◆ GIVEN MATERIAL

_ _ _ _ _ _ _

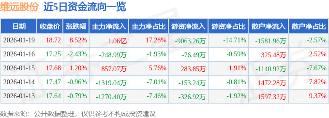 证券之星消息,截至2026年1月19日收盘,维远股份(600955)报收于18.72元,上涨8.52%,换手率6.08%,成交量33.45万手,成交额6.16亿元。
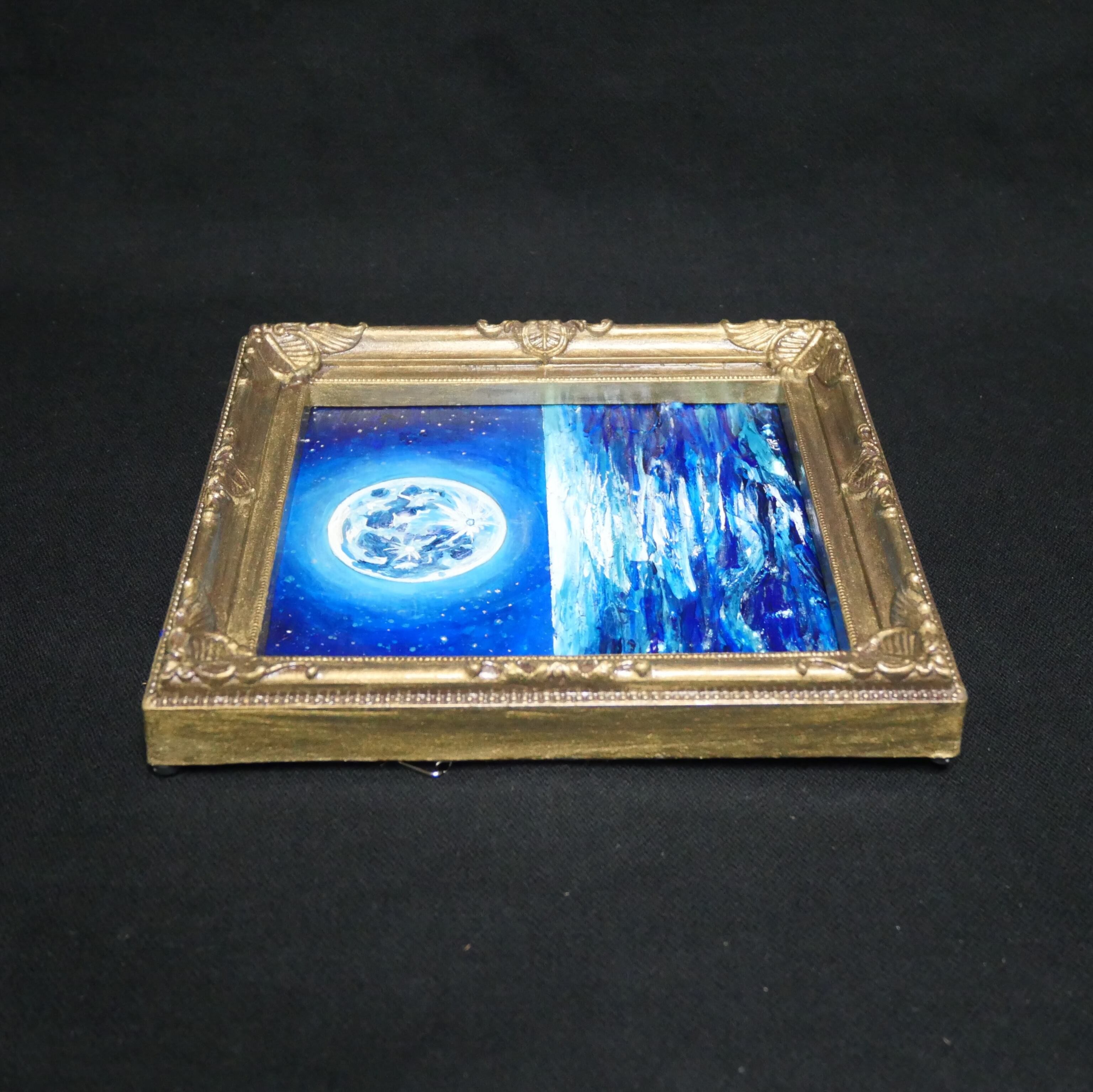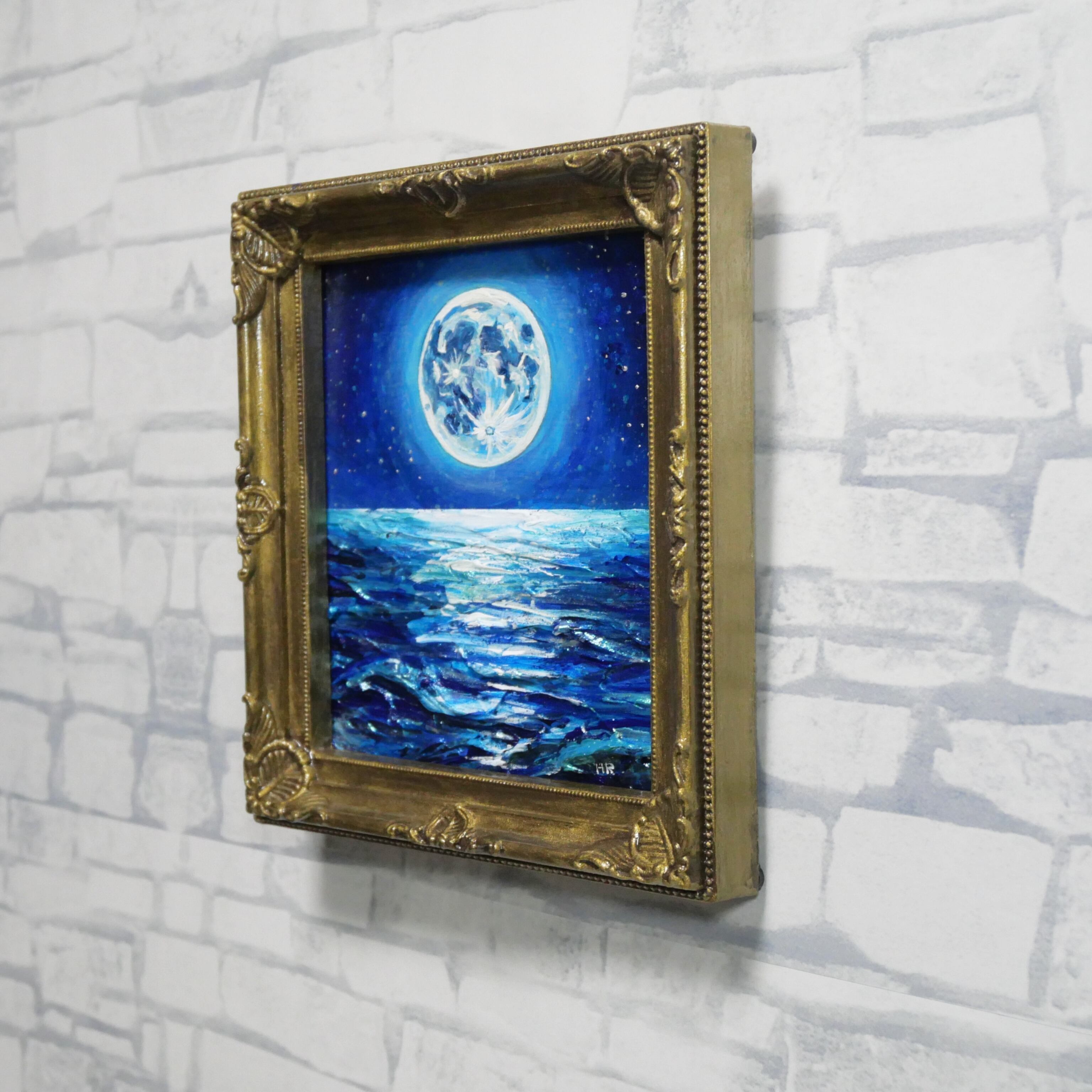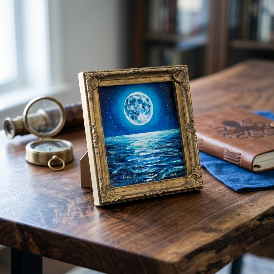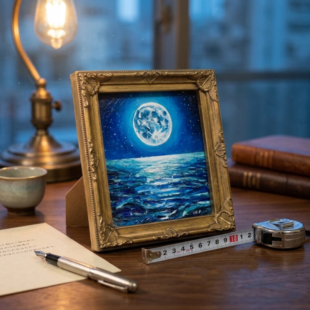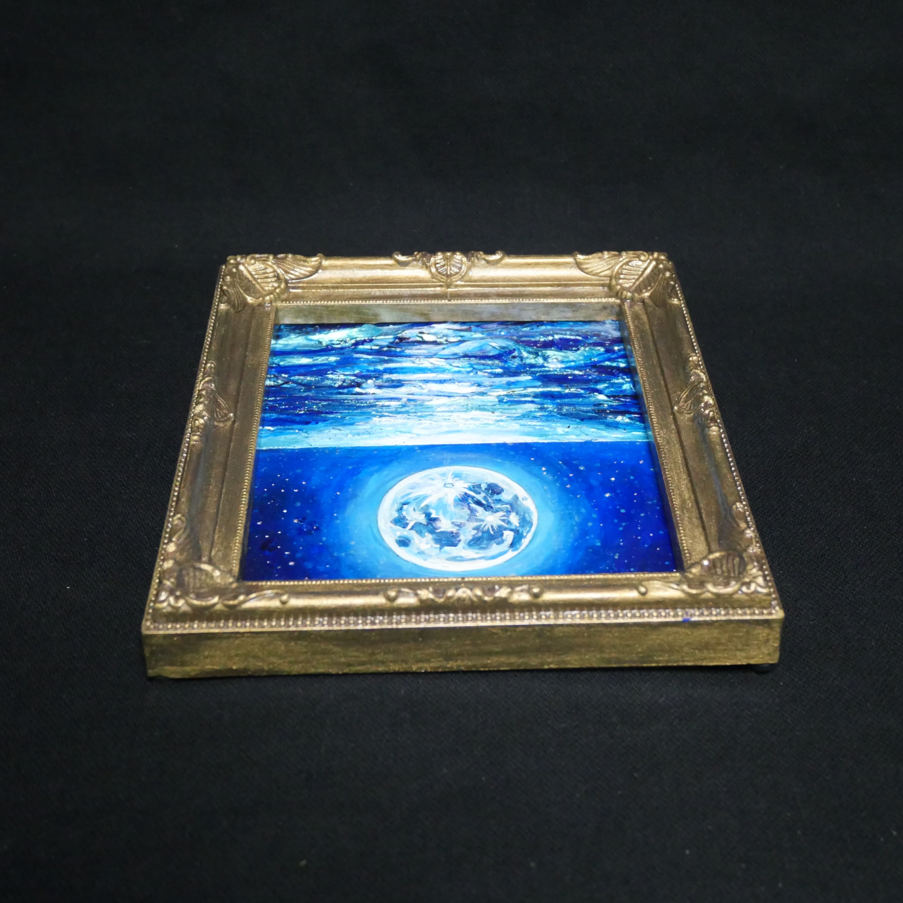 数年に一度しか現れないスーパーブルームーンをモチーフにしており、その月光が海面に描き出す「光の道」は、未来への案内役としての力強さを持っています。お守りのように身近に置きたいと思わせるこの作品は、眺める者に希望と安らぎをもたらします。
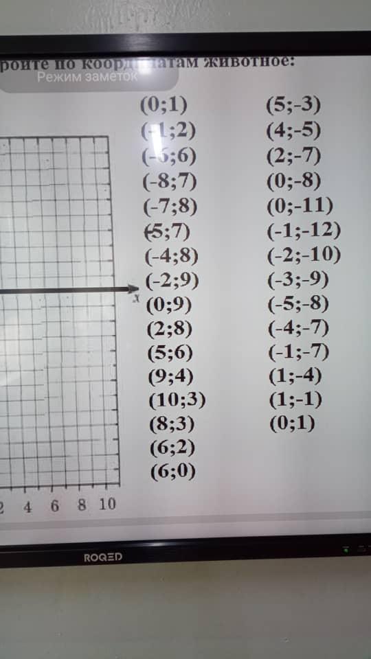 це легко. перша цифра у дужках це координата Х, а друга У. от і шукай. Наприклад, перше по іксах 0, а по ігриках 1, отже крапка буде на координатній осі ігриків, на позначці 1. Так і далі...
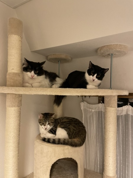 | 里親募集する理由 | 当会スタッフ宅近所のTNRで、交通量も多く、決まったご飯ももらえない場所だったため保護。 3兄弟の内1匹は里親が決まりましたが、臆病で人慣れがイマイチな2匹が残りました。 現在はシェルターでは無くスタッフ宅で人慣れ修行中です。 当会では既に保護猫でいっぱいなのと、老猫の看取りが多いため 若くて元気なこの子達に里親を募集したいと思います。 |

_ _ _ _ _ _ _

After locating the line with "це легко. перша" in the listing above, transcribe it and every line after it to the last, exactly, with no pictures.

◆ TASK RESULT
 це легко. перша цифра у дужках це координата Х, а друга У. от і шукай. Наприклад, перше по іксах 0, а по ігриках 1, отже крапка буде на координатній осі ігриків, на позначці 1. Так і далі...
 | 里親募集する理由 | 当会スタッフ宅近所のTNRで、交通量も多く、決まったご飯ももらえない場所だったため保護。 3兄弟の内1匹は里親が決まりましたが、臆病で人慣れがイマイチな2匹が残りました。 現在はシェルターでは無くスタッフ宅で人慣れ修行中です。 当会では既に保護猫でいっぱいなのと、老猫の看取りが多いため 若くて元気なこの子達に里親を募集したいと思います。 |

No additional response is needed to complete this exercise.